Nearly every field of science has a community code (or several) that satisfies a large percentage of the discipline's scientific needs. Great minds--and thousands of hours of PhD and post-doc labor--have gone into the creation of these codes. However, as new technologies emerge that are capable of delivering millions of times the power as previous systems, it is often necessary to rethink and rewrite these community codes, which is no small feat.

What to do about community codes has been an open question in the scientific computing community for many years. The problem is described in the final report of the National Science Foundation's Task Force on Software for Science and Engineering published in March 2011.

"All software must evolve to keep up with changes in systems, usage, and to include new algorithms and techniques," the authors wrote. "The scientific community has an interest in ensuring that the software it needs will continue to be available, efficient, and employ state-of-the-art technology."

Several sessions addressed this issue at the TeraGrid '11 conference in Salt Lake City, pointing to successful examples of community, and community code, development. These talks represented technologies or methods that interact with high-performance computing hardware and software at very different levels of the architecture; nonetheless, they represent possible paths for other scientific computing communities to follow.

Open Source Astrophysics

Brian O'Shea, assistant professor of physics and astronomy at Michigan State University, began his talk with a question: How do you transform a closed scientific computing code into a community code that can address the needs and harness the skills of a wide variety of researchers?

His talk described the evolution of the astrophysics code Enzo from a black box system that only a few understood or could access to a free-for-all in which divergent strains of the code proliferated, to the current state of controlled chaos in which several dozen developers experiment with and provide input into the code development, spurring rapid advances.

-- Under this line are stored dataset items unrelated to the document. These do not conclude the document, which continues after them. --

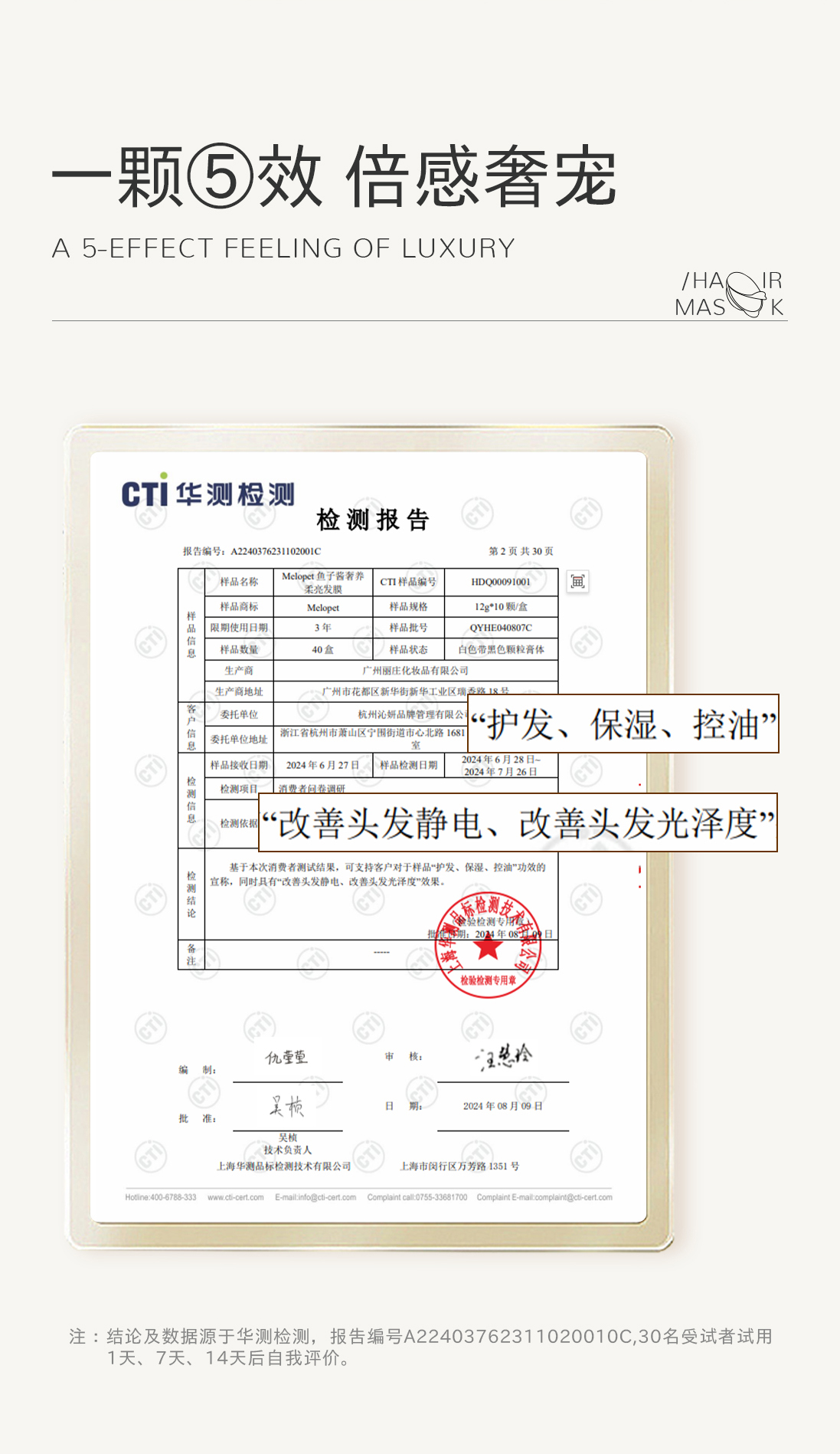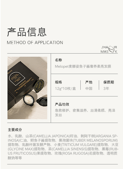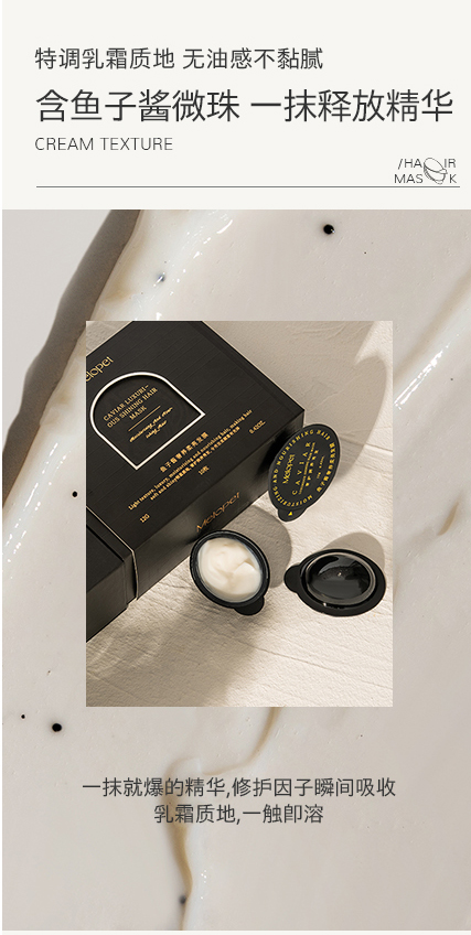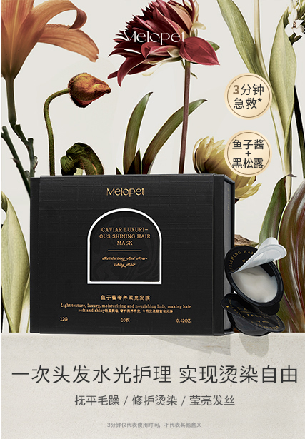Melopet鱼子酱发膜主要针对严重受损的发质,紧急修护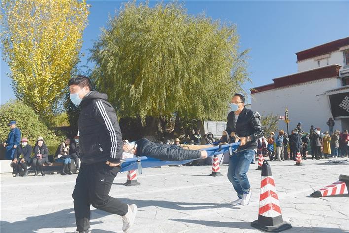 圖為11月9日,布達拉宮管理處工作人員正在進行火場救援比賽。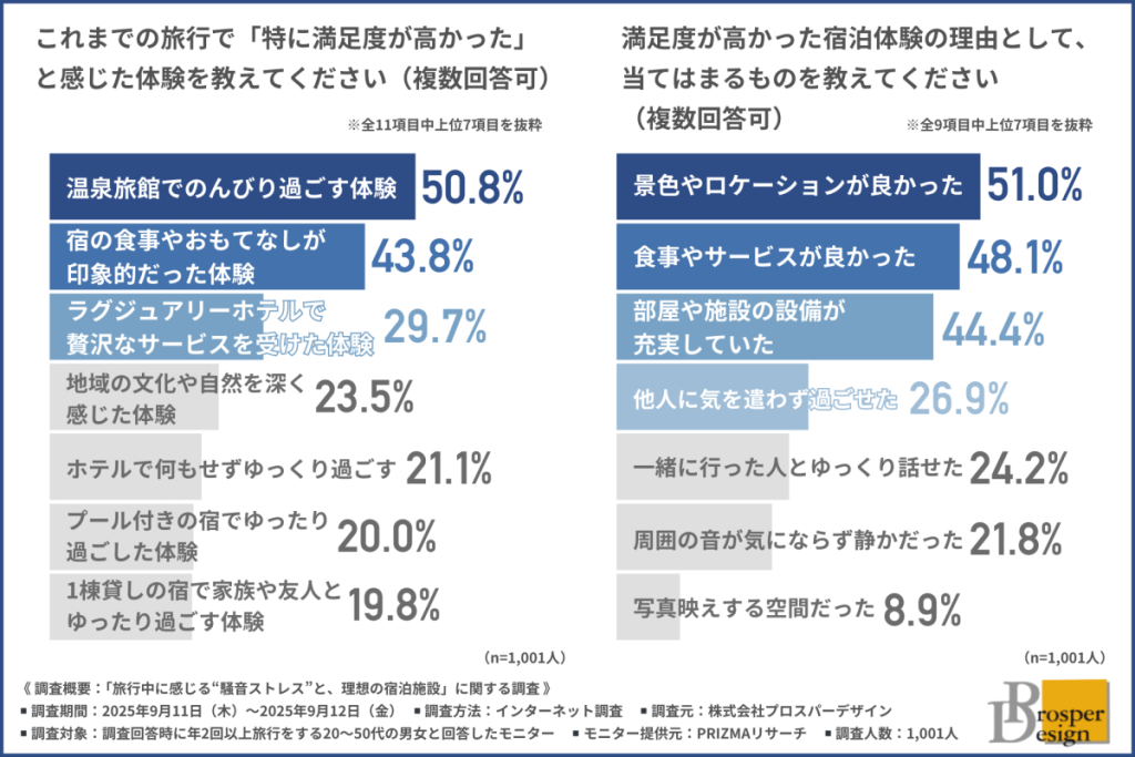 旅先で「特に満足度が高かった」と感じる体験としては、「温泉旅館でのんびり過ごす体験」が50.8%で最多、「宿の食事やおもてなしが印象的だった体験」が43.8%、「ラグジュアリーホテルで贅沢なサービスを受けた体験」が29.7%という結果だった。また、「満足度が高かった宿泊体験の理由」では、「景色やロケーションが良かった」(51.0%)、「食事やサービスが良かった」(48.1%)、「部屋や施設の設備が充実していた」(44.4%)が上位に挙がった。そして、「他人に気を遣わず過ごせた」(26.9%)、「周囲の音が気にならず静かだった」(21.8%)という“静けさ・配慮不要の空間”を満足の要因に挙げる人も少なくない。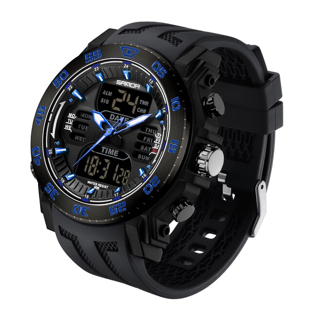 SANDA 2023 Men Watches Sport Military Quartz Watch 50M Waterproof Wristwatch for Male LED Digital Clock Relogios Masculino 6029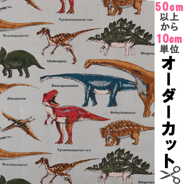 【数量5から】 生地 『ツイル 恐竜プリント C(グレー)』 コットンこばやし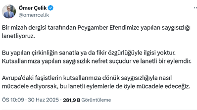- İslamcı terör örgütü İBDA-C ile bağlantılı Büyük Doğu Akıncılar Teşkilatı isimli grubun, Mizah dergisi Leman’da yayınlanan bir karikatürle ilgili “Hz. Muhammed tasviri” olduğu gerekçesiyle sosyal medyada linç kampanyası başlatarak dergi önüne çağrı yapmasının hemen ardından AKP Sözcüsü Ömer Çelik sosyal medya hesabında yaptığı paylaşımda “Bir mizah dergisi tarafından Peygamber Efendimize yapılan saygısızlığı lanetliyoruz. Bu yapılan çirkinliğin sanatla ya da fikir özgürlüğüyle ilgisi yoktur. Kutsallarımıza yapılan saygısızlık nefret suçudur ve lanetli bir eylemdir. Avrupa’daki faşistlerin kutsallarımıza dönük saygısızlığıyla nasıl mücadele ediyorsak, bu lanetli eylemlerle de öyle mücadele edeceğiz.” dedi. (30 Haziran)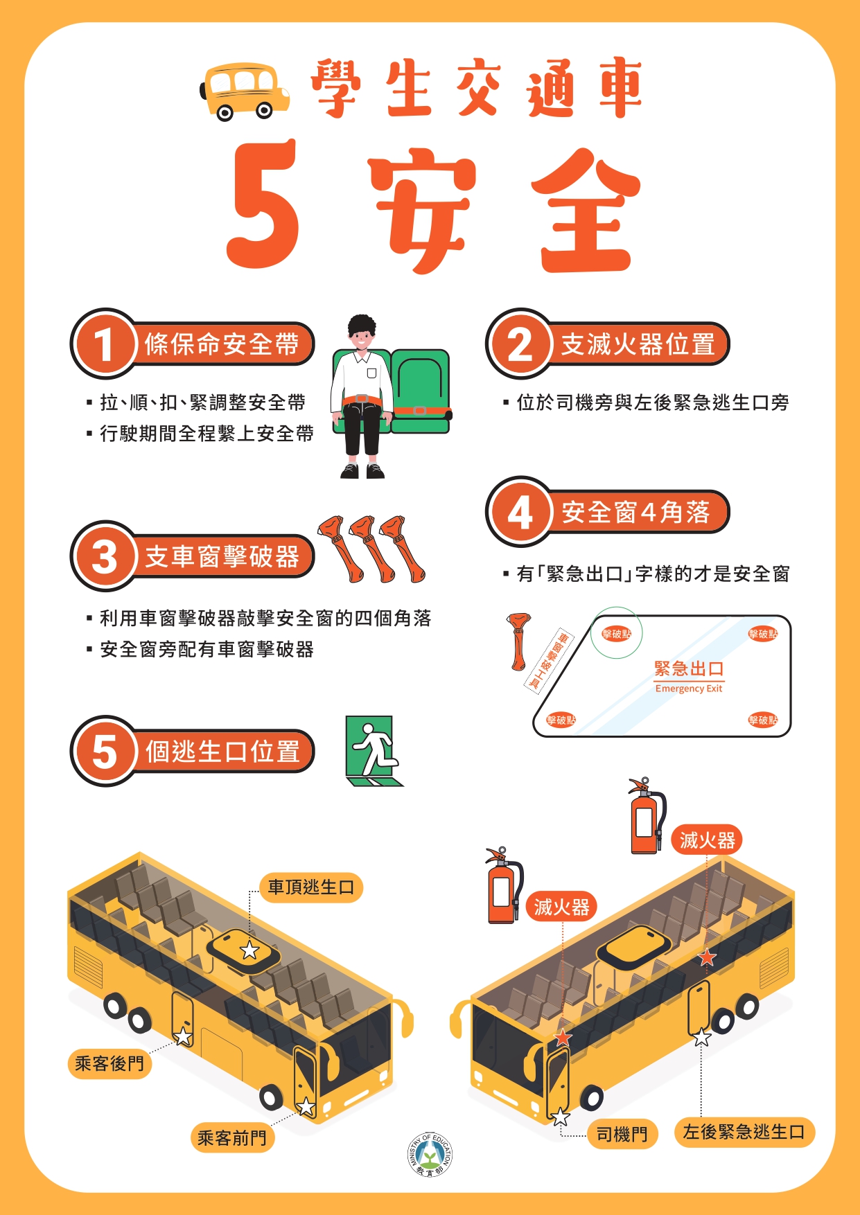 🚕 為提高學生搭乘交通車之安全意識及危機應變能力,教育 部委請國立臺灣師範大學製作學生交通車教育訓練教材、 教學影片及圖卡,供學校、短期補習班、兒童課後照顧服 務班及中心平時實施交通安全教育使用。🚕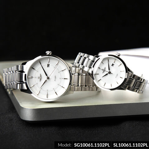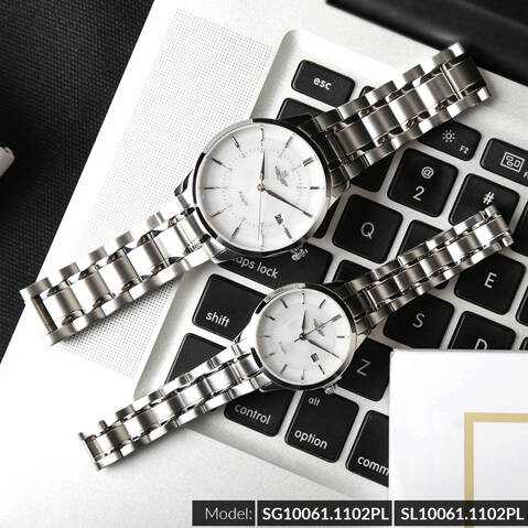 Đồng hồ cặp đôi SR10061.1102PL thiết kế mặt tròn truyền thống có vỏ máy bằng thép không gỉ kết hợp với dây đeo đờ mi bằng kim loại mạ sắc nét cùng nền số trắng trang nhã tạo nên tổng thể sang trọng, các cọc số mảnh và kim chỉ được mạ sáng bóng nổi bật, máy dùng công nghệ P-light thân thiện môi trường, tiết kiệm chi phí thay pin là mẫu đồng hồ cặp đáng có dành cho các cặp đôi yêu thích sự sang trọng, đẳng cấp.

The new development workflow is "transparent to the users and easy to use," O'Shea said. "The result is that we have a very enthusiastic and involved user community. And it's sustainable."  

Enzo is used by a relatively small number of scientists, yet they are among the most adept and proficient users of HPC resources. Approximately 60 Enzo users consumed 60 million computing hours on the TeraGrid in 2010, according to O'Shea, leading to many astrophysical discoveries, including a better understanding of cosmic reionization.

An API to Feed the World

World governments and private industry are investing trillions of dollars in the collection of data relating to plants in the hopes of continuing to feed the growing population on Earth. To date, however, these data collections have been scattered and difficult to connect.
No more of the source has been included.